------ Data for this exercise

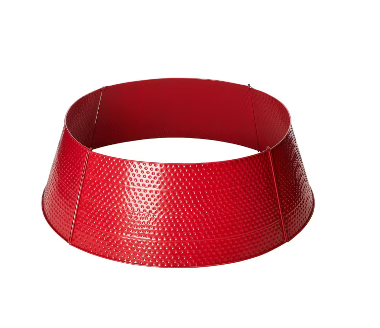 AK Brass Hammered Metal Round Christmas Tree Stand in Red Finish Eco-Friendly High Quality Home & Christmas Decor Item
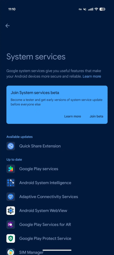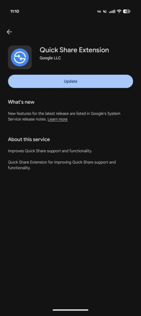 Để bật, chủ sở hữu Pixel 10 phải vào: Cài đặt > chạm vào tên của họ ở trên cùng để vào mục Google services > All services > Privacy & security > System services. Update “Quick Share Extension” và khởi động lại điện thoại.
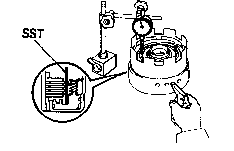 Using a dial indicator, measure the inside diameter of the clutch drum bushing.
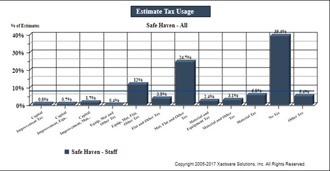 This report displays the number and percentage of estimates with tax, material sales tax, equipment tax, labour tax, flat tax, other tax, and any combination of these taxes.
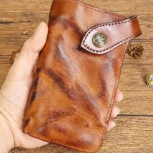 Men’s Genuine Leather Long Wallet, Large Capacity Vintage Bifold Card Holder, Multi-Color Retro Style, Slim Portable Design for Daily Carry, Travel, Business & Casual Use #14323818
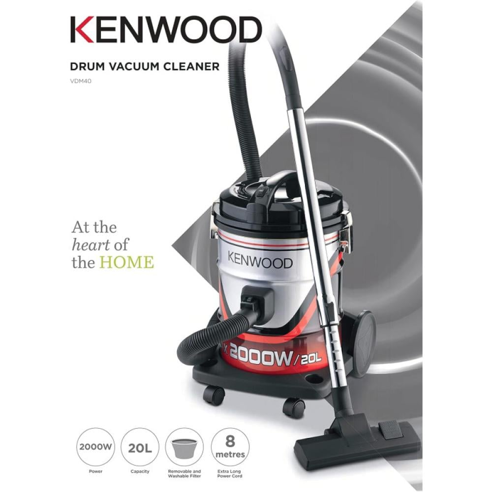 كينوود مكنسة كهربائية بسعة 20 لتر وقوة 2000 واط، مع كابل بطول 8 أمتار وفلتر قابل للإزالة والغسل - متعدد الألوان - VDM40.000BR
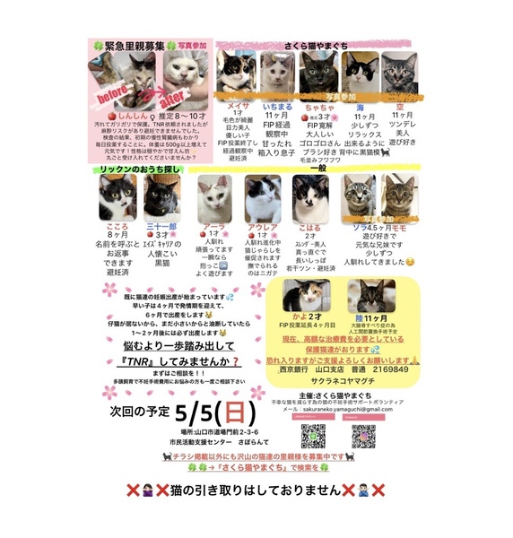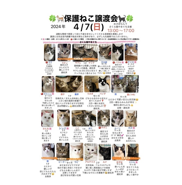 | イベント内容 | ★今回は時間変更【13時から17時まで】 山口市の『さぽらんて』で「保護ねこ譲渡会inさぽらんて」(さくら猫やまぐち主催、個人ボランティア合同開催)が開催されます。 猫ちゃん達は写真で見るより実際に見てもらった方が可愛いと思います。 ぜひ足をお運びいただいて、運命の子との出会いを見つけてください。 *譲渡には条件がありますので、気になる子がいましたらお問い合わせください。 *参加予定ねこちゃんは当日変更になる場合があります。 *チャリティーバザーもあります。 事前のお問い合わせも歓迎します。 リックンのおうち探し harry0930jp@yahoo.co.jp |
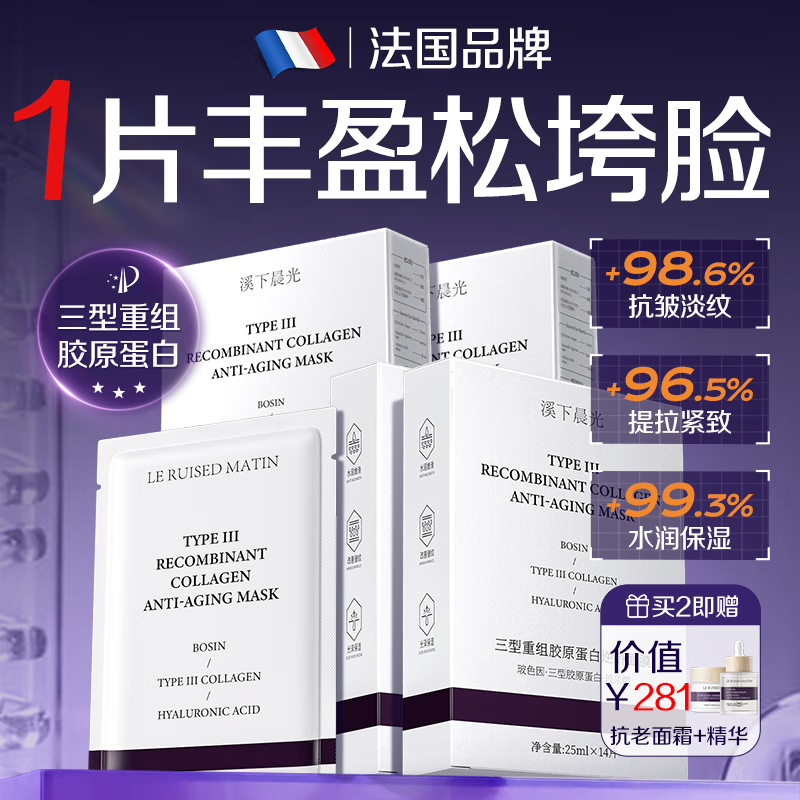 溪下晨光法国胶原蛋白灌注面膜抗皱紧致抗衰老补水美淡白斑女男士去黄提亮
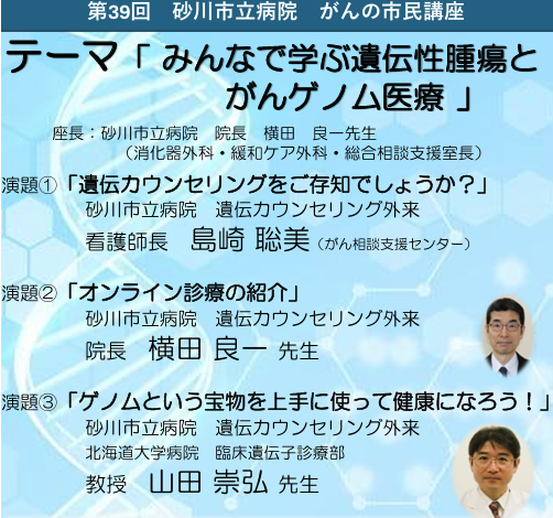 今回の講座の内容が気になった方は市立病院の「遺伝カウンセリング外来の開設について」にリンクしますのでご覧ください。
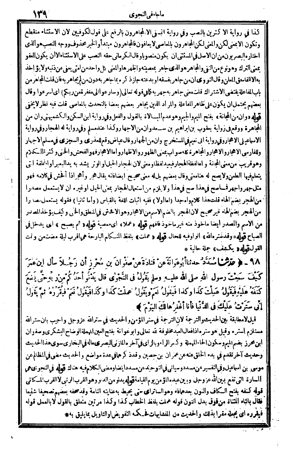 قَوْله: (فِي النَّجْوَى) هِيَ المسارة الَّتِي تقع بَين الله عز وَجل وَبَين عَبده الْمُؤمن يَوْم الْقِيَامَة. قَوْله: (يدنو) من الدنو وَهُوَ الْقرب الربي لَا الْقرب المكاني قَوْله: (كنفه) بِفَتْح الْكَاف وَالنُّون بعدهمَا فَاء وَهُوَ السَّاتِر أَي: حَتَّى يُحِيط بِهِ عنايته التَّامَّة، وَقد صحفه بَعضهم تصحيفاً شنيعاً فَقَالَ: بِالتَّاءِ الْمُثَنَّاة من فَوق بدل النُّون. قَوْله: (عملت) بِلَفْظ الْخطاب كَذَا وَكَذَا، مرَّتَيْنِ مُتَعَلق بالْقَوْل لَا بِالْعَمَلِ. قَوْله: (فيقرره) أَي: يَجعله مقرا بذلك. والْحَدِيث من المتشابهات فَحكمه التَّفْوِيض أَو التَّأْوِيل بِمَا يَلِيق بِهِ.

------------

Reproduce the whole listing verbatim. Pictures stay out of the copy.

## Finished task:
 AK Brass Hammered Metal Round Christmas Tree Stand in Red Finish Eco-Friendly High Quality Home & Christmas Decor Item
 Để bật, chủ sở hữu Pixel 10 phải vào: Cài đặt > chạm vào tên của họ ở trên cùng để vào mục Google services > All services > Privacy & security > System services. Update “Quick Share Extension” và khởi động lại điện thoại.
 Using a dial indicator, measure the inside diameter of the clutch drum bushing.
 This report displays the number and percentage of estimates with tax, material sales tax, equipment tax, labour tax, flat tax, other tax, and any combination of these taxes.
 Men’s Genuine Leather Long Wallet, Large Capacity Vintage Bifold Card Holder, Multi-Color Retro Style, Slim Portable Design for Daily Carry, Travel, Business & Casual Use #14323818
 كينوود مكنسة كهربائية بسعة 20 لتر وقوة 2000 واط، مع كابل بطول 8 أمتار وفلتر قابل للإزالة والغسل - متعدد الألوان - VDM40.000BR
 | イベント内容 | ★今回は時間変更【13時から17時まで】 山口市の『さぽらんて』で「保護ねこ譲渡会inさぽらんて」(さくら猫やまぐち主催、個人ボランティア合同開催)が開催されます。 猫ちゃん達は写真で見るより実際に見てもらった方が可愛いと思います。 ぜひ足をお運びいただいて、運命の子との出会いを見つけてください。 *譲渡には条件がありますので、気になる子がいましたらお問い合わせください。 *参加予定ねこちゃんは当日変更になる場合があります。 *チャリティーバザーもあります。 事前のお問い合わせも歓迎します。 リックンのおうち探し harry0930jp@yahoo.co.jp |
 溪下晨光法国胶原蛋白灌注面膜抗皱紧致抗衰老补水美淡白斑女男士去黄提亮
 今回の講座の内容が気になった方は市立病院の「遺伝カウンセリング外来の開設について」にリンクしますのでご覧ください。
 قَوْله: (فِي النَّجْوَى) هِيَ المسارة الَّتِي تقع بَين الله عز وَجل وَبَين عَبده الْمُؤمن يَوْم الْقِيَامَة. قَوْله: (يدنو) من الدنو وَهُوَ الْقرب الربي لَا الْقرب المكاني قَوْله: (كنفه) بِفَتْح الْكَاف وَالنُّون بعدهمَا فَاء وَهُوَ السَّاتِر أَي: حَتَّى يُحِيط بِهِ عنايته التَّامَّة، وَقد صحفه بَعضهم تصحيفاً شنيعاً فَقَالَ: بِالتَّاءِ الْمُثَنَّاة من فَوق بدل النُّون. قَوْله: (عملت) بِلَفْظ الْخطاب كَذَا وَكَذَا، مرَّتَيْنِ مُتَعَلق بالْقَوْل لَا بِالْعَمَلِ. قَوْله: (فيقرره) أَي: يَجعله مقرا بذلك. والْحَدِيث من المتشابهات فَحكمه التَّفْوِيض أَو التَّأْوِيل بِمَا يَلِيق بِهِ.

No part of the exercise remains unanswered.